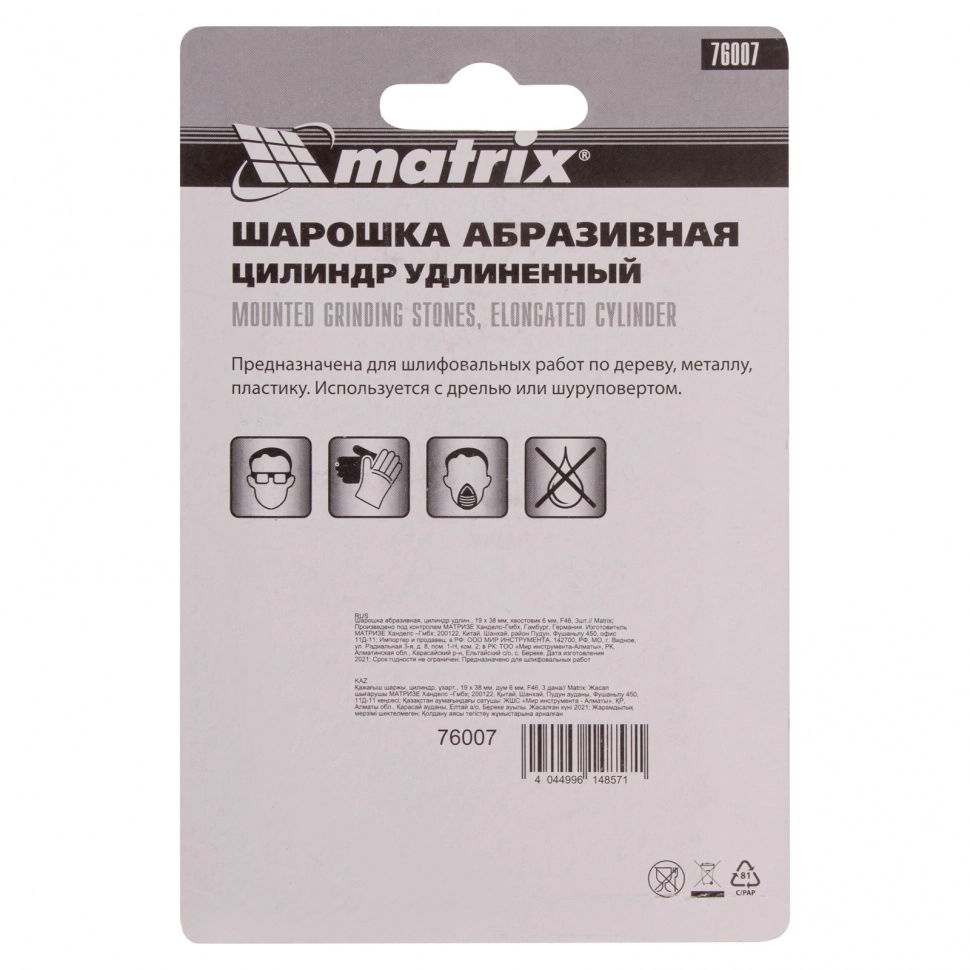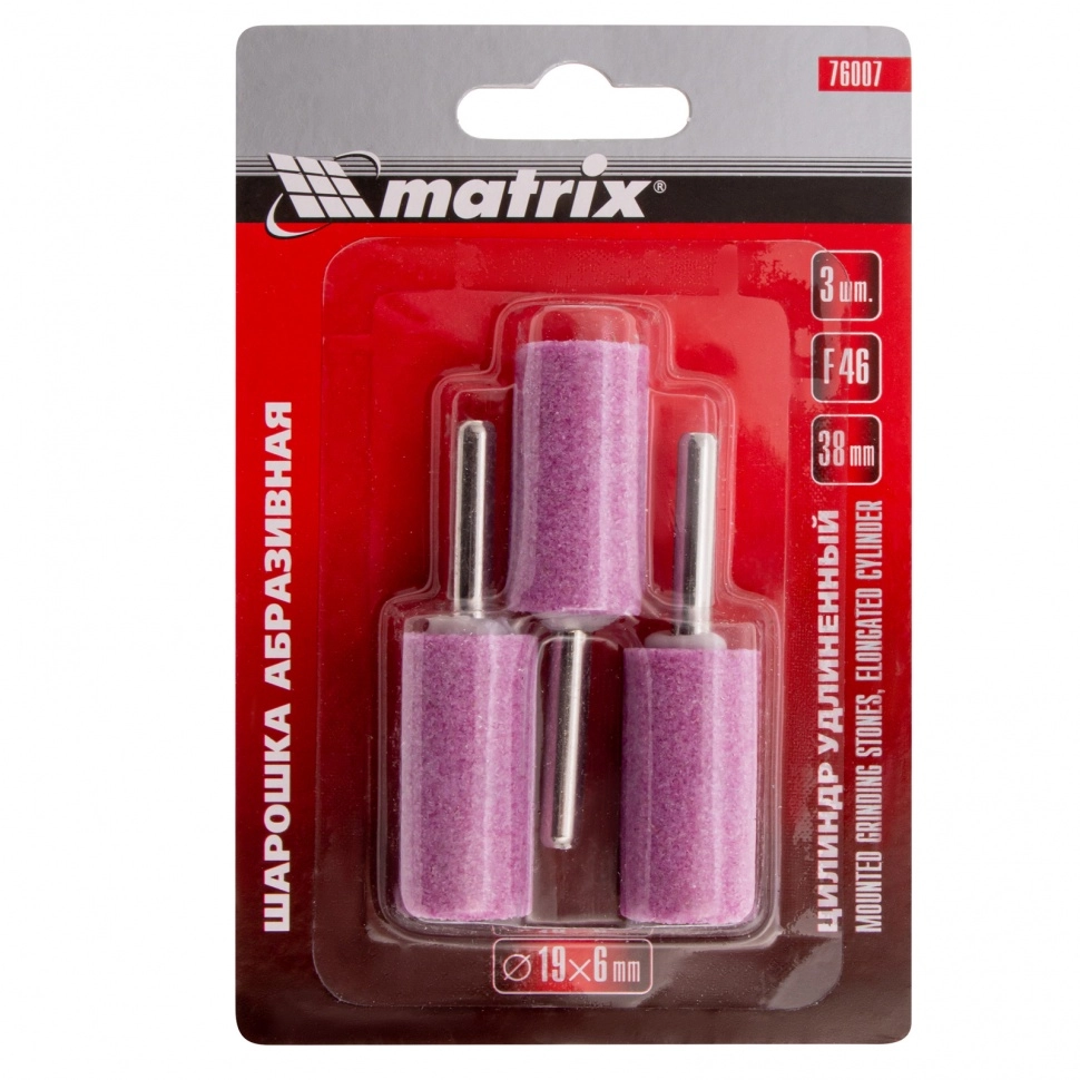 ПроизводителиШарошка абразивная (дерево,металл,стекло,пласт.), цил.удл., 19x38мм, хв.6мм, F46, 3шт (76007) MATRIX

---

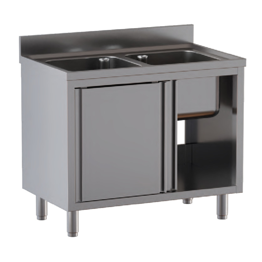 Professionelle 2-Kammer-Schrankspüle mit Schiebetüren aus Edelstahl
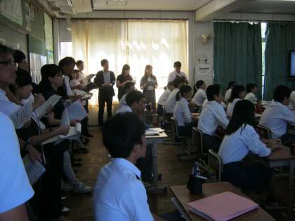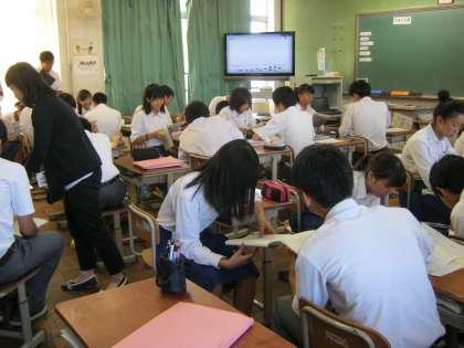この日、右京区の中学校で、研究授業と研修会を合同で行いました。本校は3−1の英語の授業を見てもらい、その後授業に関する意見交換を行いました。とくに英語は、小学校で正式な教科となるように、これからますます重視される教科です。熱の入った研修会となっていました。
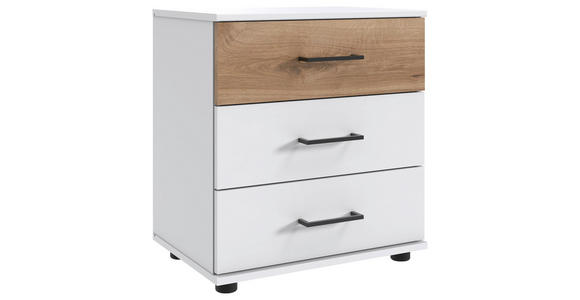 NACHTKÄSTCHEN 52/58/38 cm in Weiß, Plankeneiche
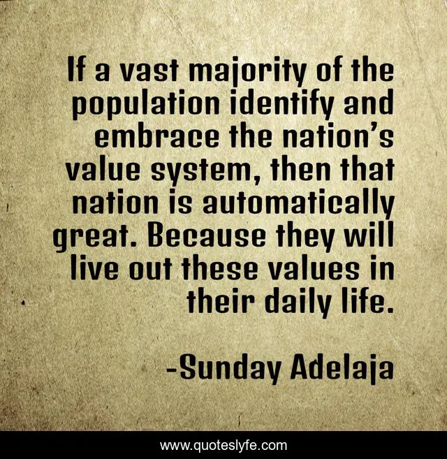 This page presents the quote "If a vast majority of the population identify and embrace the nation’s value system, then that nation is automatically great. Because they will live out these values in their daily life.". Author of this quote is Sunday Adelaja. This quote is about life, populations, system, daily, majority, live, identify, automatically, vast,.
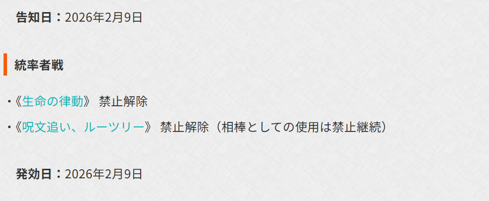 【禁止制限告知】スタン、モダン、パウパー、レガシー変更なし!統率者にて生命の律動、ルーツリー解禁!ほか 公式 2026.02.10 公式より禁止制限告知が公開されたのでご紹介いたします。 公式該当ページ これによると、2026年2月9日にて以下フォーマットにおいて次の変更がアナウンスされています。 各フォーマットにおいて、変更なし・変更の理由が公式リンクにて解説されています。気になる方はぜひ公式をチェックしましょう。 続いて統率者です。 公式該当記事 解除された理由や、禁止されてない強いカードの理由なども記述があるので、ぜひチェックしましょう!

---

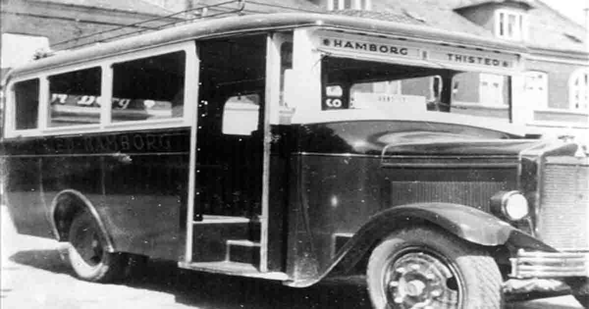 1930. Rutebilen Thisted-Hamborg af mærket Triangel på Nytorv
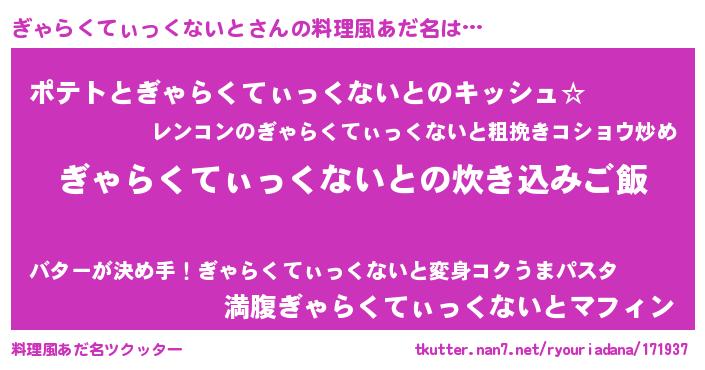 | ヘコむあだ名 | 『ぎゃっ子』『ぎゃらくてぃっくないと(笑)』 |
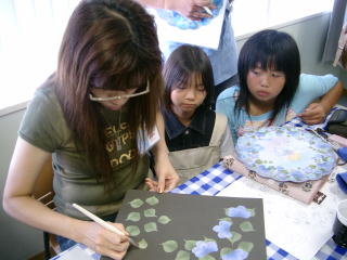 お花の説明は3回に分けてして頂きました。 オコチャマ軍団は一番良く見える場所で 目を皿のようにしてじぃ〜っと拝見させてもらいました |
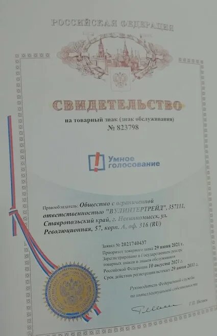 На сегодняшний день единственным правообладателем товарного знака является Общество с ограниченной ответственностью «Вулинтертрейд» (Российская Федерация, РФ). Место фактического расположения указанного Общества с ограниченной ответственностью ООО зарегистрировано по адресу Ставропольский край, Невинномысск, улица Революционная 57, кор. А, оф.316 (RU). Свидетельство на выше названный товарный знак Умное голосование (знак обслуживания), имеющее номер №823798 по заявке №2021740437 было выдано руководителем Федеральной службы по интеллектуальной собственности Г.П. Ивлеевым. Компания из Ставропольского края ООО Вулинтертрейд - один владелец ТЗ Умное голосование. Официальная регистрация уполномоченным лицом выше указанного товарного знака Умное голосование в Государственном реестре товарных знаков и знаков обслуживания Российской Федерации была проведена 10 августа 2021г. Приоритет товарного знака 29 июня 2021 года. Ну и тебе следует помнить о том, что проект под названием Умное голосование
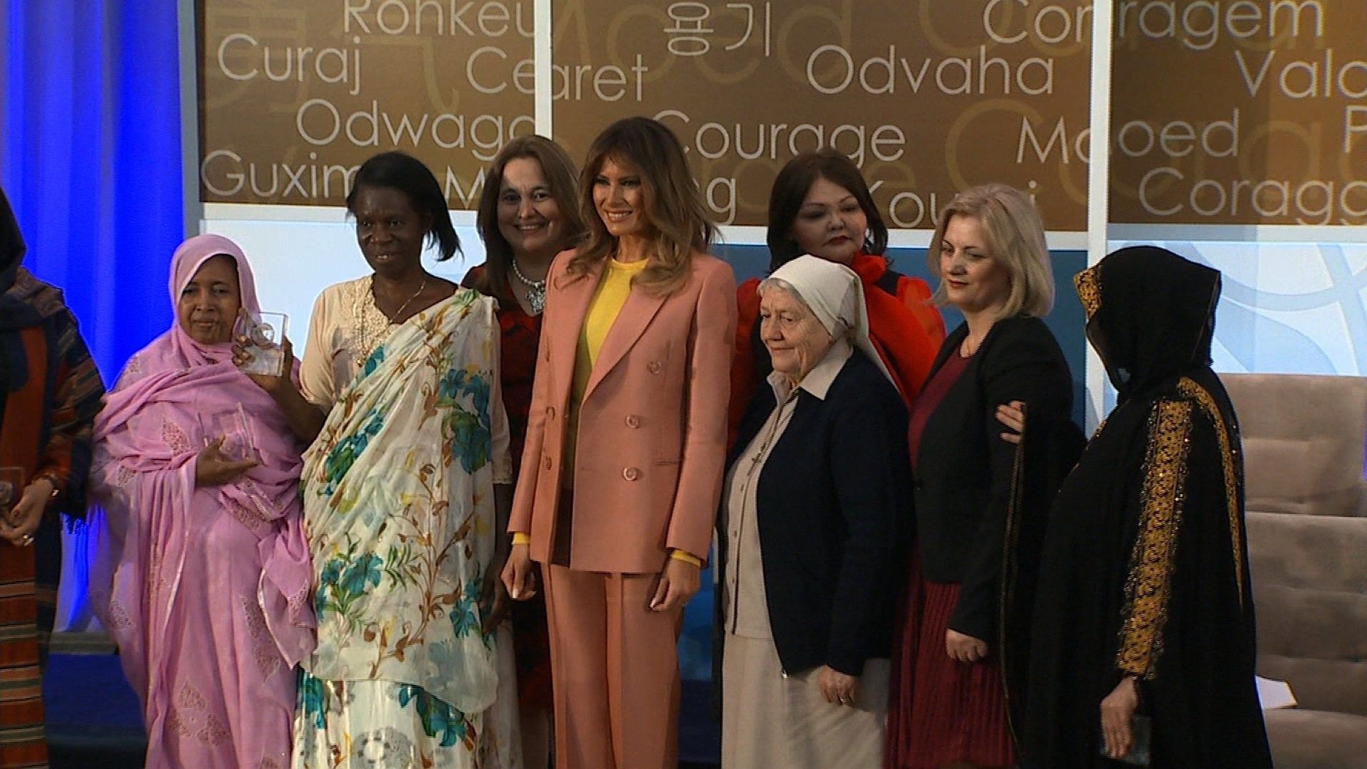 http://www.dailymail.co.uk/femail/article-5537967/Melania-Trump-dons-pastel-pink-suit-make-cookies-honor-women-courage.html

■ Your goal ■
Pictures aside, return exactly the lines from the data above, starting at the line that has "This page presents" and ending at the line that has "続いて統率者です。 公式該当記事 解除された理由や、禁止されてない強いカードの理由なども記述があるので、ぜひチェックしましょう!", both included.

■ Task answer ■
 This page presents the quote "If a vast majority of the population identify and embrace the nation’s value system, then that nation is automatically great. Because they will live out these values in their daily life.". Author of this quote is Sunday Adelaja. This quote is about life, populations, system, daily, majority, live, identify, automatically, vast,.
 【禁止制限告知】スタン、モダン、パウパー、レガシー変更なし!統率者にて生命の律動、ルーツリー解禁!ほか 公式 2026.02.10 公式より禁止制限告知が公開されたのでご紹介いたします。 公式該当ページ これによると、2026年2月9日にて以下フォーマットにおいて次の変更がアナウンスされています。 各フォーマットにおいて、変更なし・変更の理由が公式リンクにて解説されています。気になる方はぜひ公式をチェックしましょう。 続いて統率者です。 公式該当記事 解除された理由や、禁止されてない強いカードの理由なども記述があるので、ぜひチェックしましょう!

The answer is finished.